Despite modern, progressive viewpoints regarding the construct of masculinity here in America; society at large is sometimes guilty of perpetuating and reinforcing stereotypes that it seemingly discourages. It is an interesting bit of hypocrisy. I found it particularly amusing when popular men’s magazines – looking at you GQ – had the temerity to lecture men about the perceived current disrepair of manhood while completely ignoring their culpability and literary sins regarding the topic. It wasn’t long ago that men’s fashion didn’t fawn over the wildly popular show Mad Men and its resident alpha male Don Draper.
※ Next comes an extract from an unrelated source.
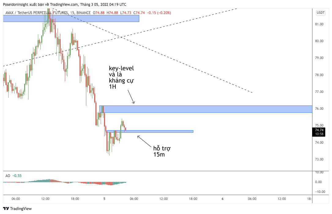 Na tym obrazku ATOM stworzył trend wzrostowy w ramce 4H. W tym momencie możemy podążać za trendem 4H, czekając, aż cena wróci do dwóch ważnych stref wsparcia (niebieski).
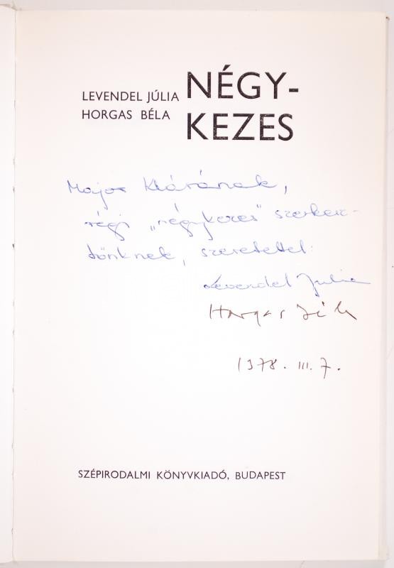 Levendel Júlia - Horgas Béla: Négykezes. Dedikált! Bp., 1978. Szépirod...

Mad Men – toxic masculinity personified but stylishly portrayed with critical acclaim. From the appearance of the latest GQ offerings, I surmise that it isn’t trendy anymore. Oh, how soon they forget. Now, I won’t pretend there aren’t bad actors out there that don’t represent the best of the male population. They are great in number. Yet those men have become the archetype for all things toxic, negative, and dysfunctional about men as a whole. Lost in the shuffle of a culture war (waged across social media, television, publications, etc.) revolving around gender roles and expectations; we are ignorant of a sect of regular gentlemen that is perhaps more indicative of manhood than what is portrayed in the mainstream – invisible to the general public.
Sandwiched between two conflicting arguments stands an average gentleman just trying to make the best of life. He hears the competing perspectives, but he cannot relate. It is foreign to him. What are they? Well, he cannot cry because he would be considered weak. And he cannot become frustrated because his exasperation may lead to anger, which may lead to a violent conclusion which men are intimately tied. He cannot be fearful or anxious because that may reflect indecision, and a man should be resolute and certain. Male fragility is not an option. And so we are presented with a how-to guide regarding an evolved masculinity for the modern man. Everyone has an opinion on the matter. Nevertheless, to be quite frank, a gentleman does not need to be more feminine to fulfill his potential as a man. And a gentleman does not have to blanket himself in a facade of machismo to be fully considered a man. It’s all opinion. It’s an attempt to fix what people deemed to be broken. The truth is, the only thing a gentleman requires is the freedom to be human – free of preconditioned judgment and inequitable expectations.
To be sure, emotions are not black & white, no, they are perplexing shades of complicated gray. The current pandemic will definitely tap into every one of those shades. A gentleman must understand that his emotions cannot be dictated by other people. Because the same individual that espouses platitudes about self-esteem and mental health across social media will be the same individual that casts belittling judgment. A gentleman must understand that his emotions are his own and they are valid. Your standing as a man is not predicated on the opinionated whims of the fickle public. Yes, this Fear. Anxiety. Frustration. And yes, a gentleman may be moved to tears. A gentleman should never attempt to meet expectations set forth by an individual that cannot satisfy those same expectations themselves. Reject labels forced upon you that betray your well-being. It can become mentally and emotionally draining. Allow yourself a healthy, confident embrace of your inner emotions; remain true and honest to your identity to achieve a better you.